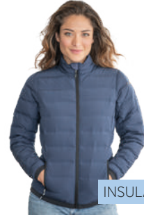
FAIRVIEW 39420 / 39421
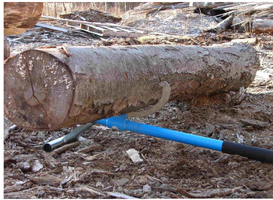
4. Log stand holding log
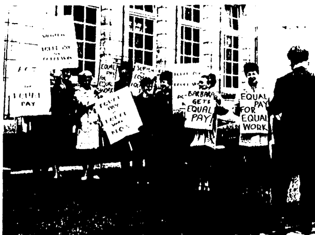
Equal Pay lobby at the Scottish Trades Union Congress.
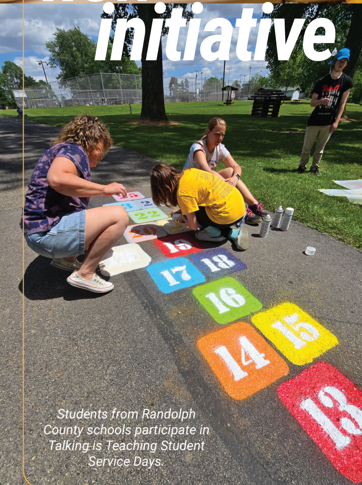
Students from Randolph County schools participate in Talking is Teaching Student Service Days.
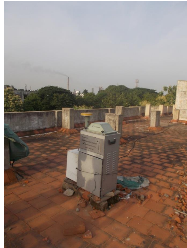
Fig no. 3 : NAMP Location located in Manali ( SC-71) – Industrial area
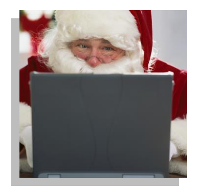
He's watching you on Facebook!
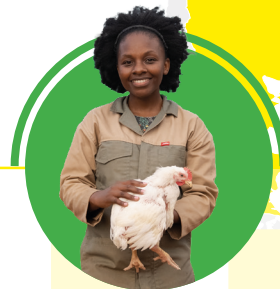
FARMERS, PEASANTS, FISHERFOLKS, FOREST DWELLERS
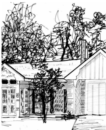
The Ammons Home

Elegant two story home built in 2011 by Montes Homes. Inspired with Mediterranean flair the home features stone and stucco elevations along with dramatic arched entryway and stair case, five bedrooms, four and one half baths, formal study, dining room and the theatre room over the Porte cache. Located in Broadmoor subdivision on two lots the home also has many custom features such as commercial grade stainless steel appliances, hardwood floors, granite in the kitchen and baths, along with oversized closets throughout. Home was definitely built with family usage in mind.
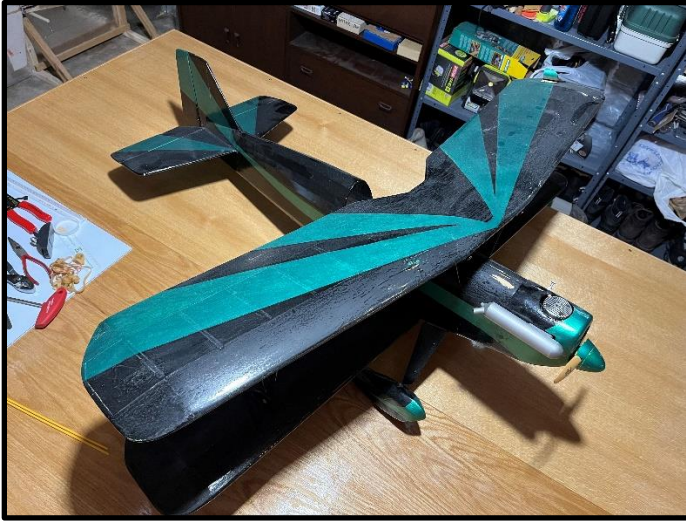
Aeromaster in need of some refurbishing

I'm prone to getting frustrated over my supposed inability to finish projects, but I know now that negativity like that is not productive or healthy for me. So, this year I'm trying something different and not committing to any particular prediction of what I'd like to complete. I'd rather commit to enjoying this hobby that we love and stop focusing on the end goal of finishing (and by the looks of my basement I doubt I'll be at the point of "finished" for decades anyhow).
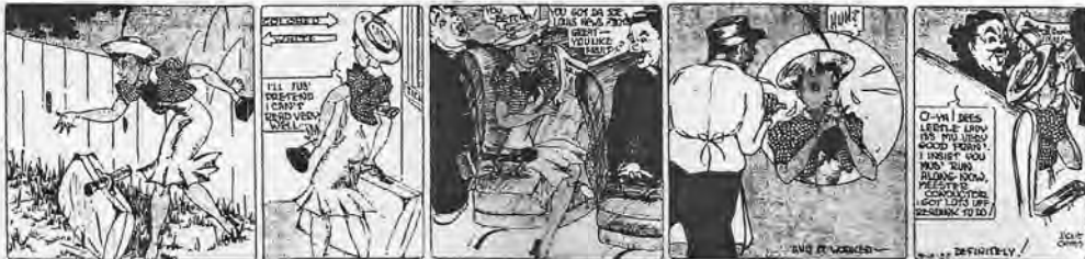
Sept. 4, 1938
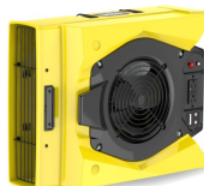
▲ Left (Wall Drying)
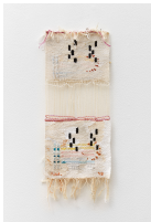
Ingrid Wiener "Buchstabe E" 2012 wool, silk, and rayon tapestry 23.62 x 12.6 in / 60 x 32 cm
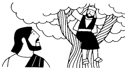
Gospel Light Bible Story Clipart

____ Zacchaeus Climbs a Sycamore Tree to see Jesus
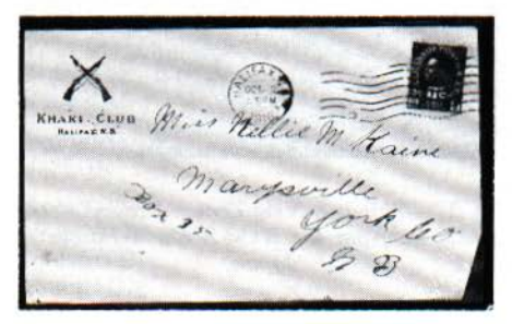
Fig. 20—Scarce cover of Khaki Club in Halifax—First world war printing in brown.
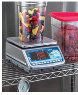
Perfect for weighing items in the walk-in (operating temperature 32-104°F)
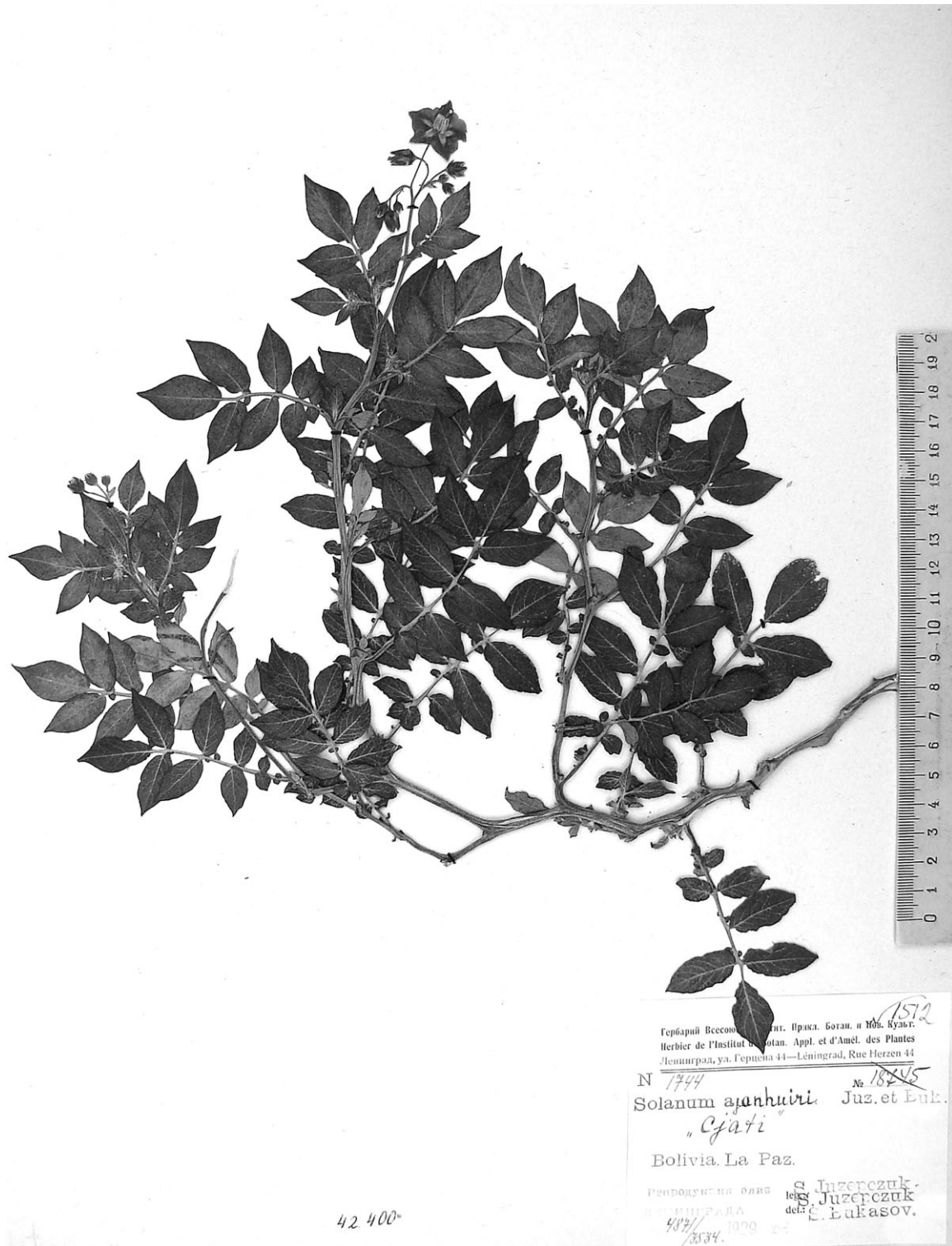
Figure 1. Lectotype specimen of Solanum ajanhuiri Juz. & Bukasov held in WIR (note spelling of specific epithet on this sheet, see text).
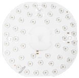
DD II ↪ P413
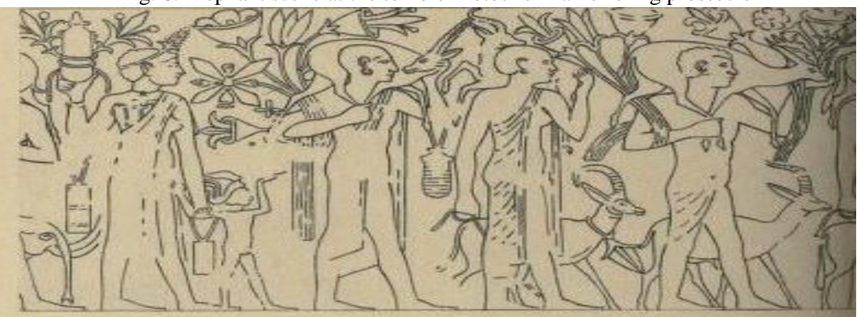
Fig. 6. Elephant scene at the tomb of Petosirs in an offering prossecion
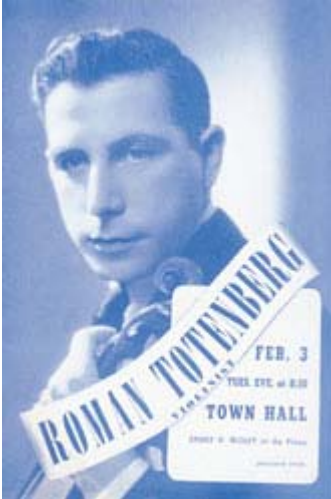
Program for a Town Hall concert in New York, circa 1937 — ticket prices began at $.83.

*Your objective*. How many of the lines above include the string "this"? Give only the number.

*Exercise answer*. 2